● **Problem requirements**
After locating the line with "Arjun Nimmala 2024" in the data that follows, return it and every later line exactly, up to and including the line with "Gold consolidates near".

● **Task data**
───
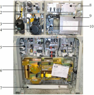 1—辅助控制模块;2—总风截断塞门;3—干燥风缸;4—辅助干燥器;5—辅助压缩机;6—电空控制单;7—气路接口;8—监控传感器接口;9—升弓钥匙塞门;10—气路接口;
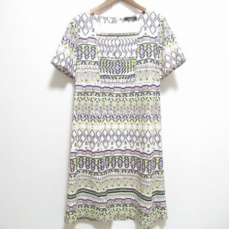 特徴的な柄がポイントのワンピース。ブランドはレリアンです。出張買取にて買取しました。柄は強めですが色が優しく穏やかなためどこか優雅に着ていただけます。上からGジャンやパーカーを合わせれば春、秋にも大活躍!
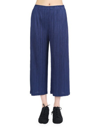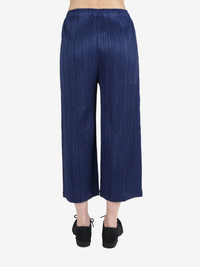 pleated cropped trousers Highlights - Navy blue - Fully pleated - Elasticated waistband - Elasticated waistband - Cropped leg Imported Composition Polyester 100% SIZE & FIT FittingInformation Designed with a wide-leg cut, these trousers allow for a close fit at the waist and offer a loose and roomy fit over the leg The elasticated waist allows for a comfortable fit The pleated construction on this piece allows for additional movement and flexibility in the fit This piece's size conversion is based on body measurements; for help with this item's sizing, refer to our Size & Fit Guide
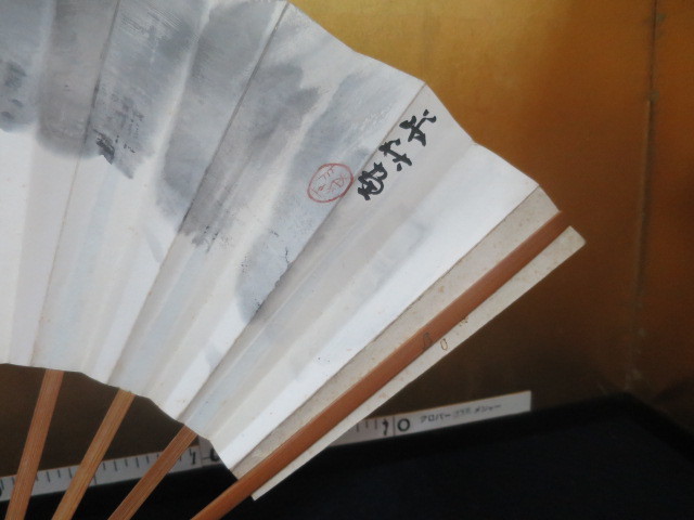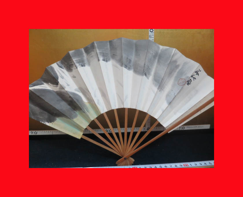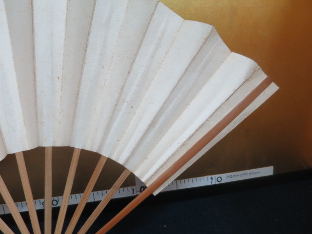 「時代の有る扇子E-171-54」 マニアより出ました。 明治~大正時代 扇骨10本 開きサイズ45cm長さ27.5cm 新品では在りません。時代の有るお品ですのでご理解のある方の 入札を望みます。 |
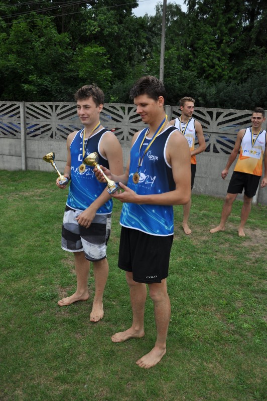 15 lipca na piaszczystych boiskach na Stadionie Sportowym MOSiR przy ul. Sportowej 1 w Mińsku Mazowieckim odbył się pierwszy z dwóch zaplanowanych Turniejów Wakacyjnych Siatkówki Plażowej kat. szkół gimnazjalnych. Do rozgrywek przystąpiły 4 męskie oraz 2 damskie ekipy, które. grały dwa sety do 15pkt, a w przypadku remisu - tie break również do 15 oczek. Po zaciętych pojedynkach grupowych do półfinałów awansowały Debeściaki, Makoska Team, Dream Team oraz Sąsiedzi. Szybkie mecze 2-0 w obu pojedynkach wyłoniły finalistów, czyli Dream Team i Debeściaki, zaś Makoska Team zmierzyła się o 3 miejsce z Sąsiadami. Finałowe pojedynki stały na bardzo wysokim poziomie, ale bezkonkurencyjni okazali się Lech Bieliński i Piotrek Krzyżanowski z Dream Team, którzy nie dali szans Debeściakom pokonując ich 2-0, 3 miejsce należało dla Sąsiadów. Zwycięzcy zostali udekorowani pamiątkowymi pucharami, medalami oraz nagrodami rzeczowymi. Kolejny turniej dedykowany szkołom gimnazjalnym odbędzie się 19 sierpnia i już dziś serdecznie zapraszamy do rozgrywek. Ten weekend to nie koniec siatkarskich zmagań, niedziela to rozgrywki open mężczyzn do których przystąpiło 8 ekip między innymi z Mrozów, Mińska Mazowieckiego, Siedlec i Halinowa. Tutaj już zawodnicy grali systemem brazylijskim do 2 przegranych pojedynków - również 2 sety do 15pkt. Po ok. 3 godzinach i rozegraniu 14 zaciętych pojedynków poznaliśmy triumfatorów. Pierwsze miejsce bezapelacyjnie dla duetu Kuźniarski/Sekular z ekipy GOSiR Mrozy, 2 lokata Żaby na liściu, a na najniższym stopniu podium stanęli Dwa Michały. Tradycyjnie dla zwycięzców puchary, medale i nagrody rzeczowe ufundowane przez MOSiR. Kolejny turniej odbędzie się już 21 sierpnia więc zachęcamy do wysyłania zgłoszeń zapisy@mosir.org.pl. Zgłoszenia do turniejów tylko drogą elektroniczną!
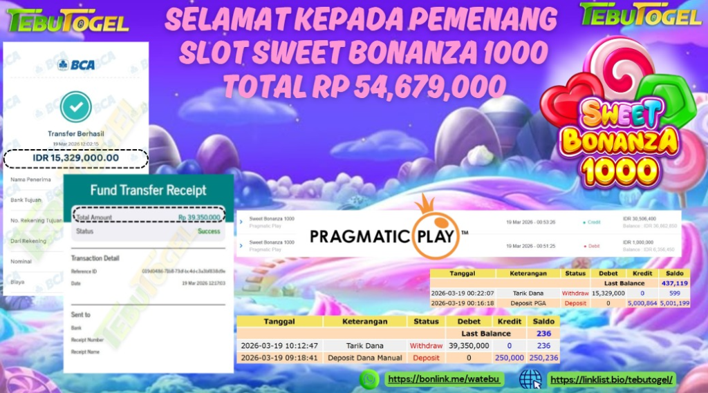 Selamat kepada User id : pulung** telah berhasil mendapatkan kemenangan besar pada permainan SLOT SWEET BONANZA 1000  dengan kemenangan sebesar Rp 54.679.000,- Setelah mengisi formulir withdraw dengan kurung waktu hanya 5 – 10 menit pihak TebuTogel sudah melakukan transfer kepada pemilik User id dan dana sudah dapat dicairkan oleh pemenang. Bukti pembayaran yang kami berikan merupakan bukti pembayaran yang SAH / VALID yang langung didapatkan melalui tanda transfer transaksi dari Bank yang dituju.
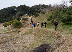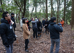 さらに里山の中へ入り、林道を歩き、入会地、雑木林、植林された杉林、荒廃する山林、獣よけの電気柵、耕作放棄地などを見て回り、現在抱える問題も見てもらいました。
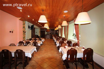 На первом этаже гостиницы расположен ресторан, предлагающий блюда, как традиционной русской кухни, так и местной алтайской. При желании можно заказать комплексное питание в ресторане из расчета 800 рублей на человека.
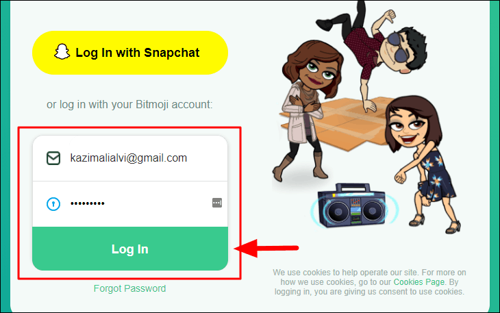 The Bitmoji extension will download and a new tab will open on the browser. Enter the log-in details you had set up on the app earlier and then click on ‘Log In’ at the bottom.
───
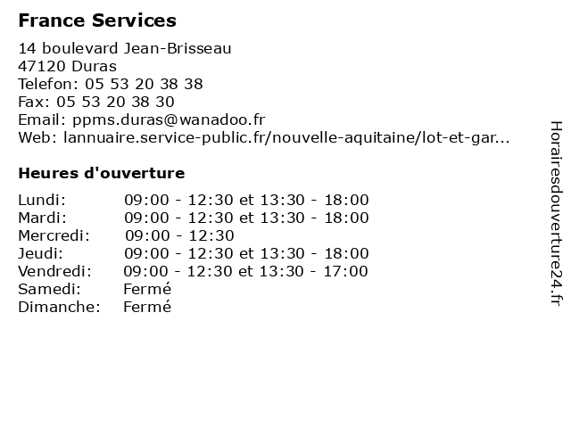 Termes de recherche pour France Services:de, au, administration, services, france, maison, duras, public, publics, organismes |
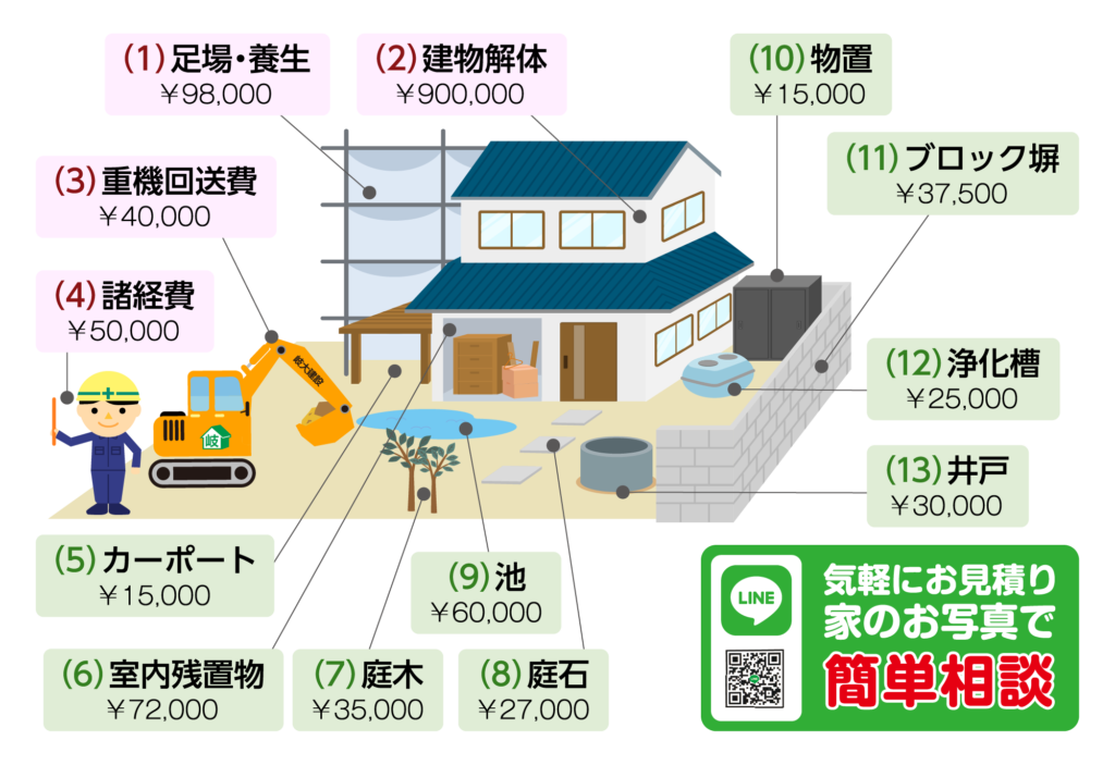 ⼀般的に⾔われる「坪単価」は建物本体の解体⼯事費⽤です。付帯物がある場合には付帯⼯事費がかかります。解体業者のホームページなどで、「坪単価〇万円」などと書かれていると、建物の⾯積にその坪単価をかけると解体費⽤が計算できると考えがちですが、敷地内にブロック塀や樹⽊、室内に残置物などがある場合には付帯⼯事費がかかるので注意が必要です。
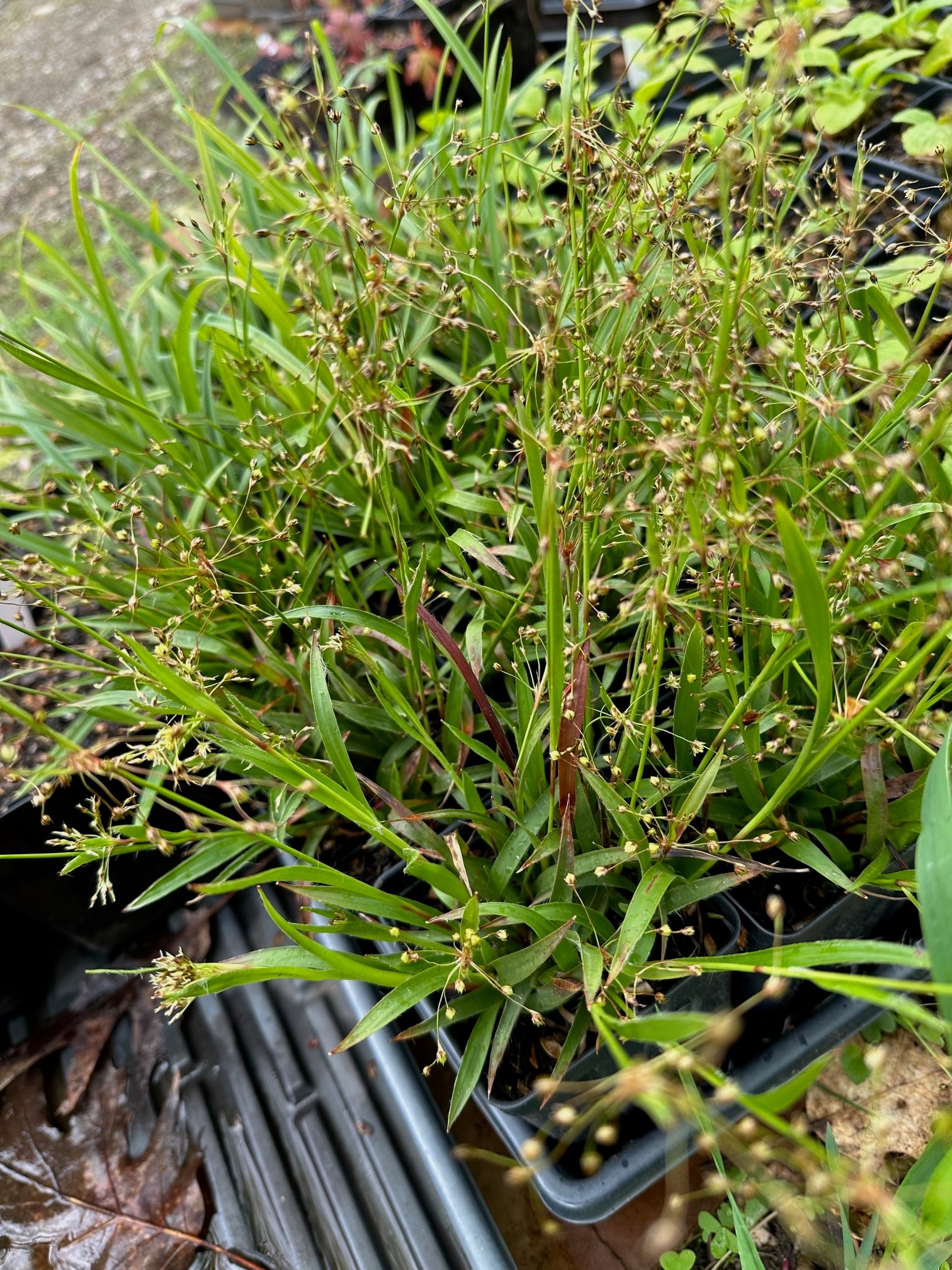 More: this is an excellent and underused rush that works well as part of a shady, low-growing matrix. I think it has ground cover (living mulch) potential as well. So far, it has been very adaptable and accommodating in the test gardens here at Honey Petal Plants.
───
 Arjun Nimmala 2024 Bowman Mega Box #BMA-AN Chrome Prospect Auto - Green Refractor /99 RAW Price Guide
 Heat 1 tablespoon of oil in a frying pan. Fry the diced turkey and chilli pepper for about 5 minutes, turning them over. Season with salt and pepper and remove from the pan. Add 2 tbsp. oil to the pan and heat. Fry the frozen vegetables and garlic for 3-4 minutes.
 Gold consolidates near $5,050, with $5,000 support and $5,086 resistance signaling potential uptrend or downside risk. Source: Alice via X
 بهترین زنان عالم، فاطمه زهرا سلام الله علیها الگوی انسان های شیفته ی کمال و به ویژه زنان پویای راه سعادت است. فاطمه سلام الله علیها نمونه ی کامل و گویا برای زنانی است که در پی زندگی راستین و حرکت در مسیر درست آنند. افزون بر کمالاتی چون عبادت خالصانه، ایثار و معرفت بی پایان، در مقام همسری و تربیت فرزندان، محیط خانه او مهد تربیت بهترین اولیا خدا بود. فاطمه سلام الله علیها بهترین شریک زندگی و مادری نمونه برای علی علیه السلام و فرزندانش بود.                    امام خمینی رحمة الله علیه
───
● **Solution for this exercise**
 Arjun Nimmala 2024 Bowman Mega Box #BMA-AN Chrome Prospect Auto - Green Refractor /99 RAW Price Guide
 Heat 1 tablespoon of oil in a frying pan. Fry the diced turkey and chilli pepper for about 5 minutes, turning them over. Season with salt and pepper and remove from the pan. Add 2 tbsp. oil to the pan and heat. Fry the frozen vegetables and garlic for 3-4 minutes.
 Gold consolidates near $5,050, with $5,000 support and $5,086 resistance signaling potential uptrend or downside risk. Source: Alice via X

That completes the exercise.